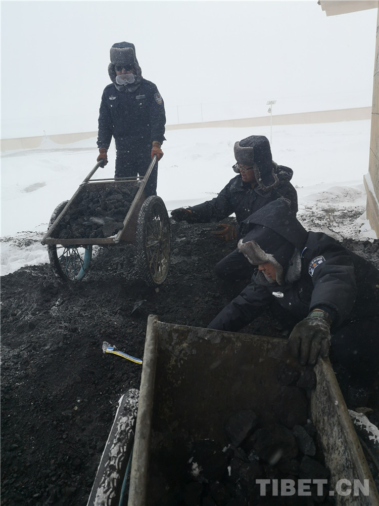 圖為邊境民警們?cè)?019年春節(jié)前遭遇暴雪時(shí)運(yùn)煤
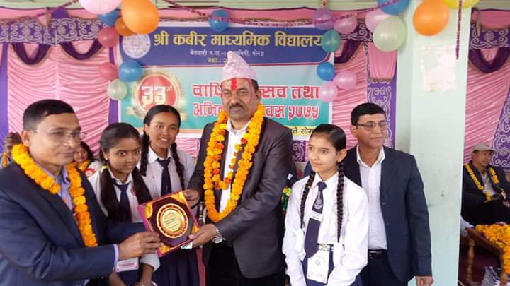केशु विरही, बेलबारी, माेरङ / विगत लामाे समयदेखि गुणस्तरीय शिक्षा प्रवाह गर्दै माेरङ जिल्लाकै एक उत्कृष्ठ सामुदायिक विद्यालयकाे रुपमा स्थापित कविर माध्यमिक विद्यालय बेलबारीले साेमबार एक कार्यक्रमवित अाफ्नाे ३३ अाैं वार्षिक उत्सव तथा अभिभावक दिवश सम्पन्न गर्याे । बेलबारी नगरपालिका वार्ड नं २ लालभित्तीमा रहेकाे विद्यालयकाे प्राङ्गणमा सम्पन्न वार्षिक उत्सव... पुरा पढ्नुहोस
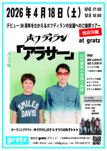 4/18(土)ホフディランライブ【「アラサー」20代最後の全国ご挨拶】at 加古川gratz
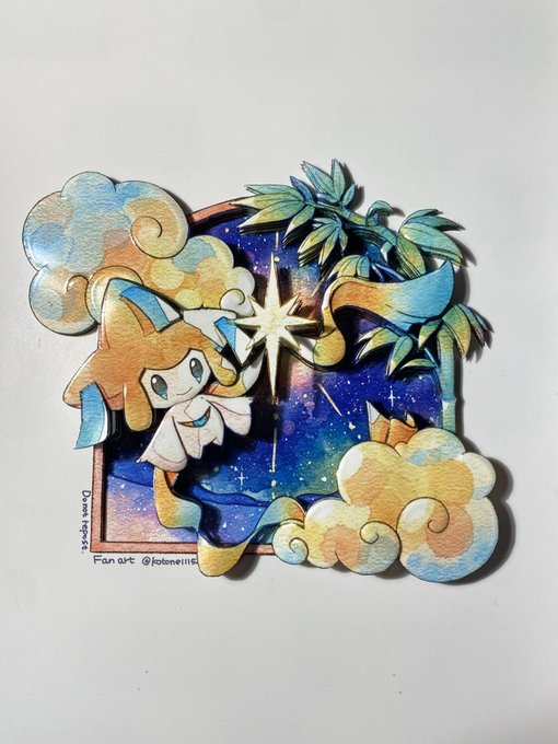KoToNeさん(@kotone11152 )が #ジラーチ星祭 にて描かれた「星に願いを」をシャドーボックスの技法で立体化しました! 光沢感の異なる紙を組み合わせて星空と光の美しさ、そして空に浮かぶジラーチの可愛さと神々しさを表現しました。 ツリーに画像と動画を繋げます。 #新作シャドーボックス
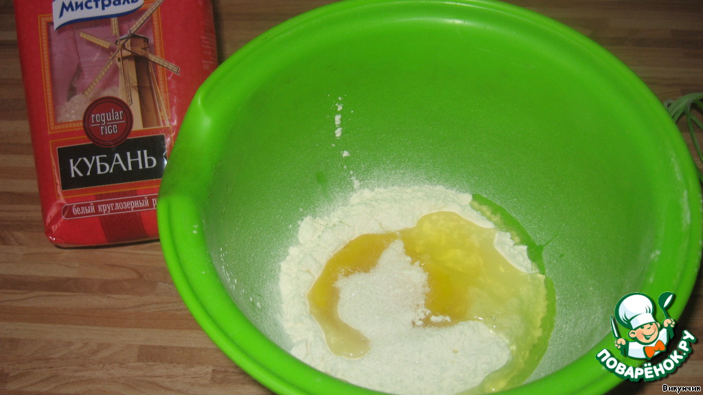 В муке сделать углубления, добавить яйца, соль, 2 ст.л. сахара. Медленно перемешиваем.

Task to carry out:
The records above should be reproduced exactly, with the pictures omitted.

Result for this exercise:
 圖為邊境民警們?cè)?019年春節(jié)前遭遇暴雪時(shí)運(yùn)煤
केशु विरही, बेलबारी, माेरङ / विगत लामाे समयदेखि गुणस्तरीय शिक्षा प्रवाह गर्दै माेरङ जिल्लाकै एक उत्कृष्ठ सामुदायिक विद्यालयकाे रुपमा स्थापित कविर माध्यमिक विद्यालय बेलबारीले साेमबार एक कार्यक्रमवित अाफ्नाे ३३ अाैं वार्षिक उत्सव तथा अभिभावक दिवश सम्पन्न गर्याे । बेलबारी नगरपालिका वार्ड नं २ लालभित्तीमा रहेकाे विद्यालयकाे प्राङ्गणमा सम्पन्न वार्षिक उत्सव... पुरा पढ्नुहोस
 4/18(土)ホフディランライブ【「アラサー」20代最後の全国ご挨拶】at 加古川gratz
KoToNeさん(@kotone11152 )が #ジラーチ星祭 にて描かれた「星に願いを」をシャドーボックスの技法で立体化しました! 光沢感の異なる紙を組み合わせて星空と光の美しさ、そして空に浮かぶジラーチの可愛さと神々しさを表現しました。 ツリーに画像と動画を繋げます。 #新作シャドーボックス
 В муке сделать углубления, добавить яйца, соль, 2 ст.л. сахара. Медленно перемешиваем.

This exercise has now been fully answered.